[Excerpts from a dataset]
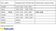 Česká pošta si dovoluje informovat o dočasné změně hodin pro veřejnost provozovny 582 82 Golčův Jeníkov. Rozsah hodin pro veřejnost bude omezen na nezbytně nutnou dobu dne 31.12.2025 od 11 do 12 hodin z provozních důvodů.
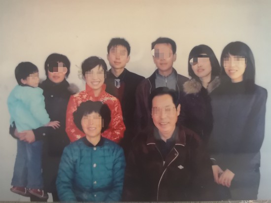 田家人全家福。左二为田茹,右二、右三为田丰夫妻。受访者供图
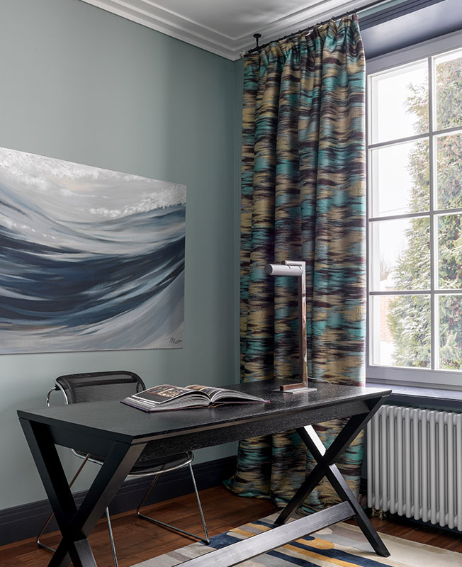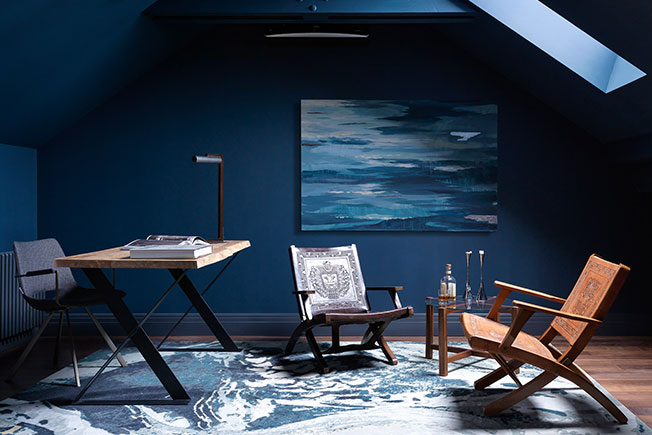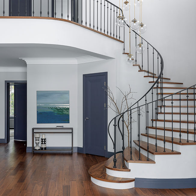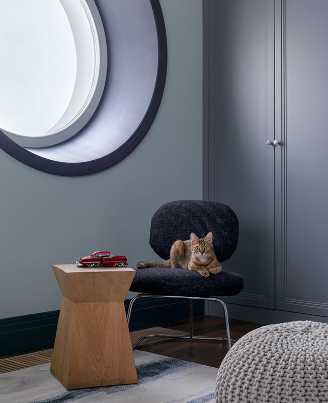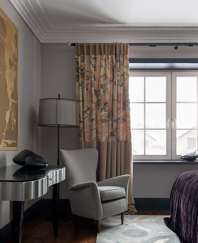 В цоколе оборудовали домашний кинотеатр, в мансарде кабинет хозяина — эти помещения выделяются среди прочих насыщенными темными оттенками. Дизайнер убеждена, что цвет отвлекает внимание от неудачных пропорций комнат, придает им атмосферу и стиль.
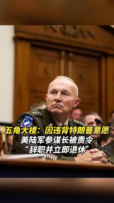 视频|五角大楼:因违背特朗普意愿 美陆军参谋长被责令 “辞职并立即退休”
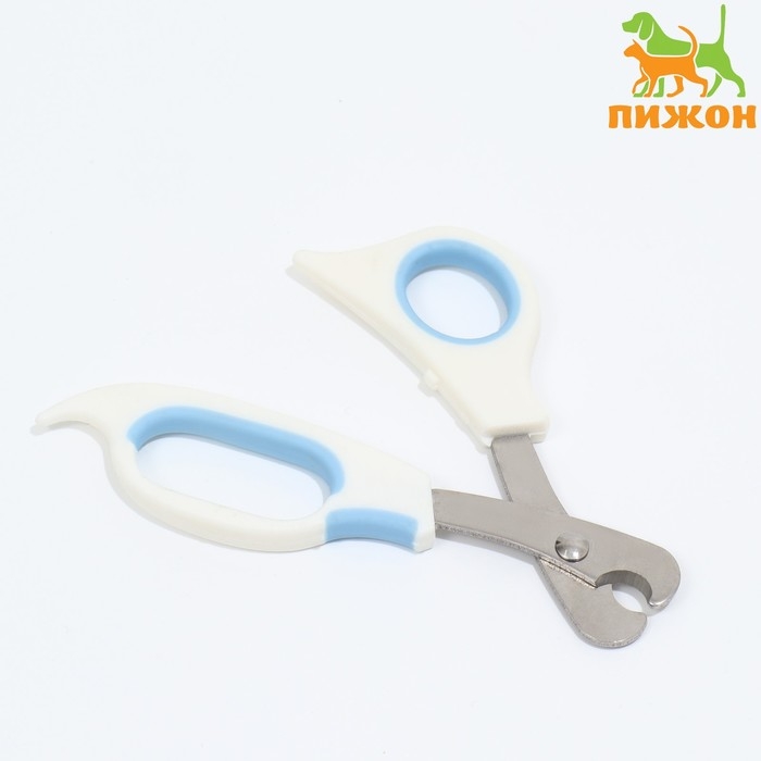 Ножницы-когтерезы "Пижон" Premium изогнутые, с упором для пальца, бело-голубые
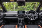 With the highest trim level, the front grille is the same color as the body, while the door mirrors, Dynamic Shield garnish, plated components including the door handles, bumper, and other parts are black, and the underside of the front, sides, and rear is dark titanium. A styling bar on the black roof rails, over fenders, and cargo bed brings a sharper look. The use of black as the base color for the metallic embellishments in the interior brings sleekness, while orange accents bring a sense of class and sharpness.
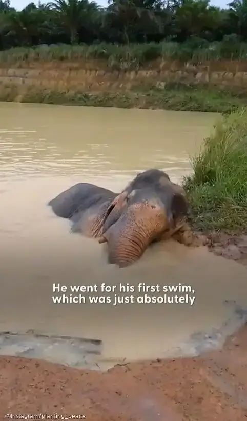 오랫동안 자신을 묶고 있던 사슬에서 벗어난 타이니는 근처 강으로 들어가 감격스러운 첫 수영을 했다.
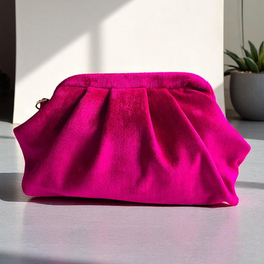 Hot Pink Velvet Clutch with Beaded Handle | Handmade Gold Chain Evening Bag | Statement Purse for Parties & Events
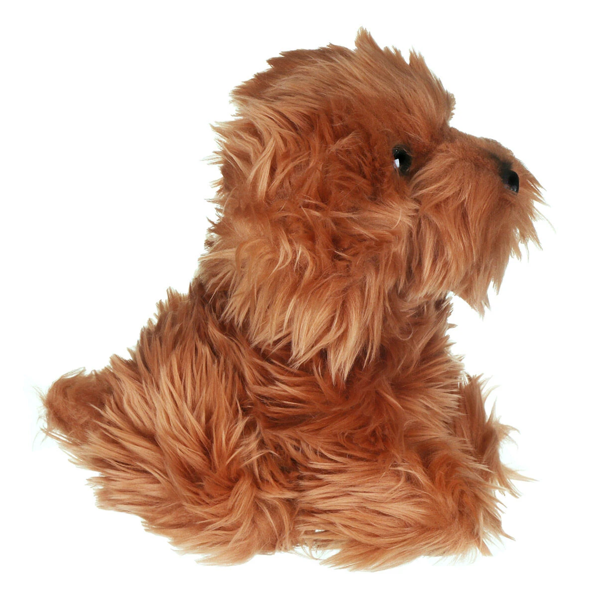 Made from a soft plush material featuring a fuzzy ginger fur coat, this adorable canine companion is perfect for snuggling up with.
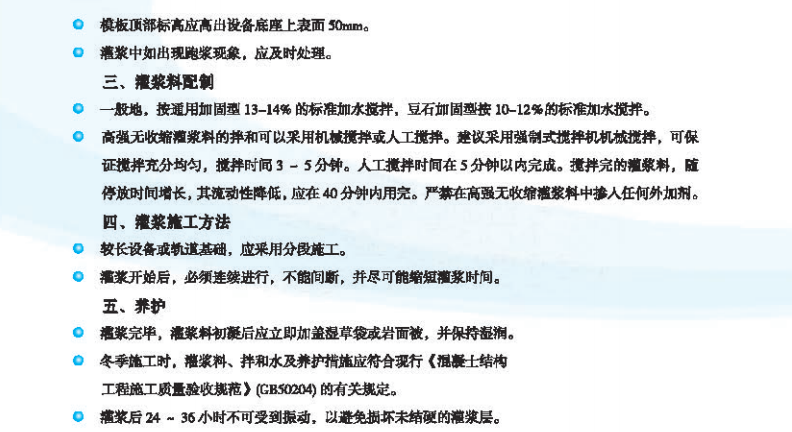 3、灌漿后24-36小時不可受到振動,以避免損壞未結(jié)硬的灌漿層。
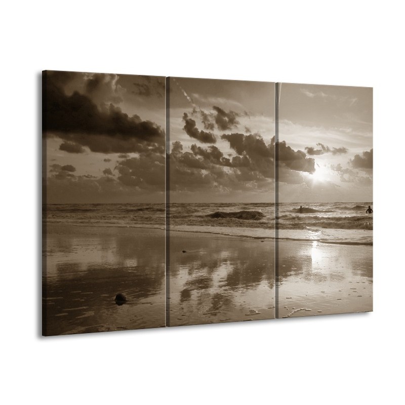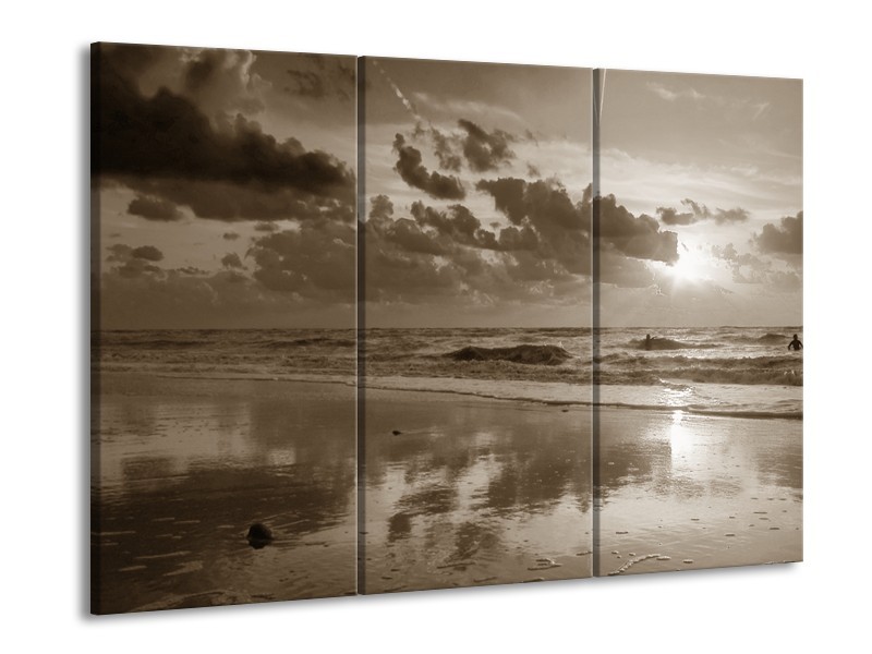 Canvas Schilderij Zee | Sepia | 60x90cm 3Luik
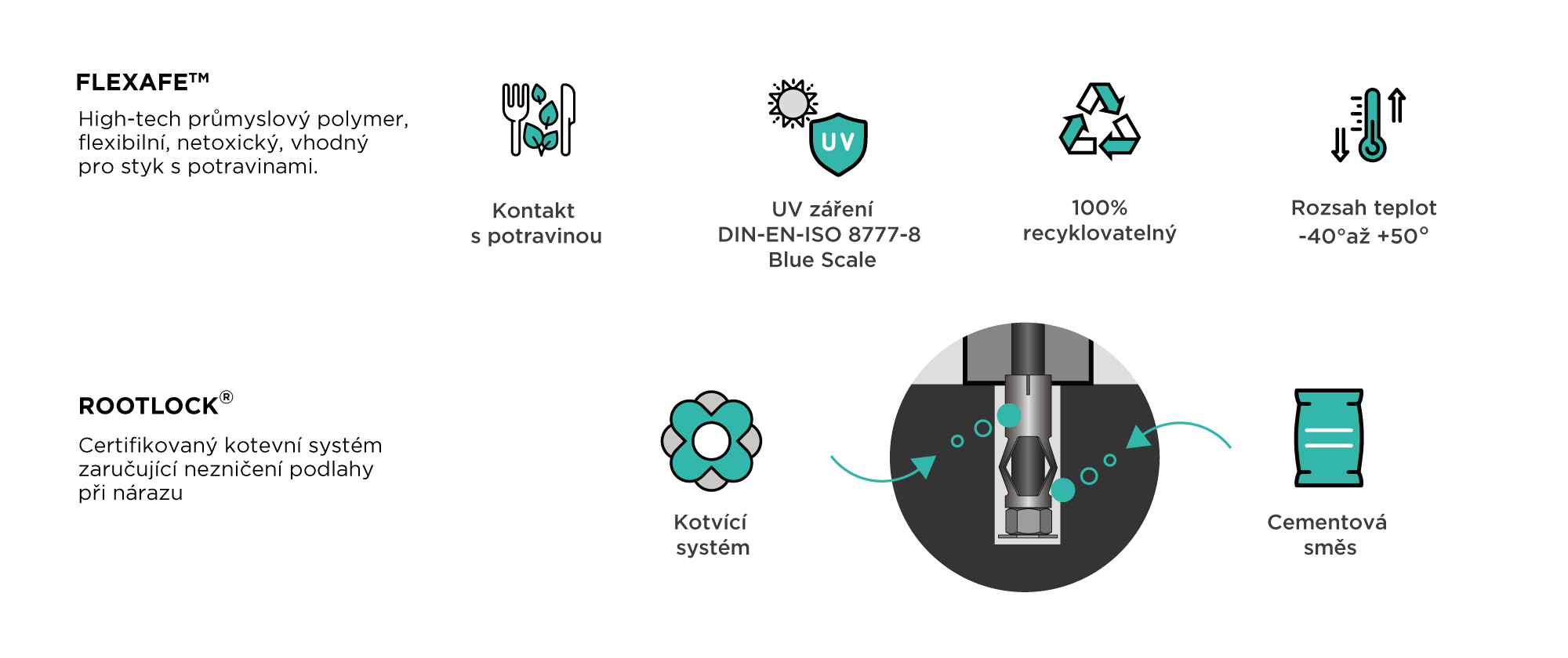 Bezpečně zastaví havarované vozidlo, aniž by se rozbilo a prorazilo podlahu.

Your task: Please retype exactly the lines from the one containing "Made from a" to the last line of the records above, both included, without any pictures.

Output of the exercise:
 Made from a soft plush material featuring a fuzzy ginger fur coat, this adorable canine companion is perfect for snuggling up with.
 3、灌漿后24-36小時不可受到振動,以避免損壞未結(jié)硬的灌漿層。
 Canvas Schilderij Zee | Sepia | 60x90cm 3Luik
 Bezpečně zastaví havarované vozidlo, aniž by se rozbilo a prorazilo podlahu.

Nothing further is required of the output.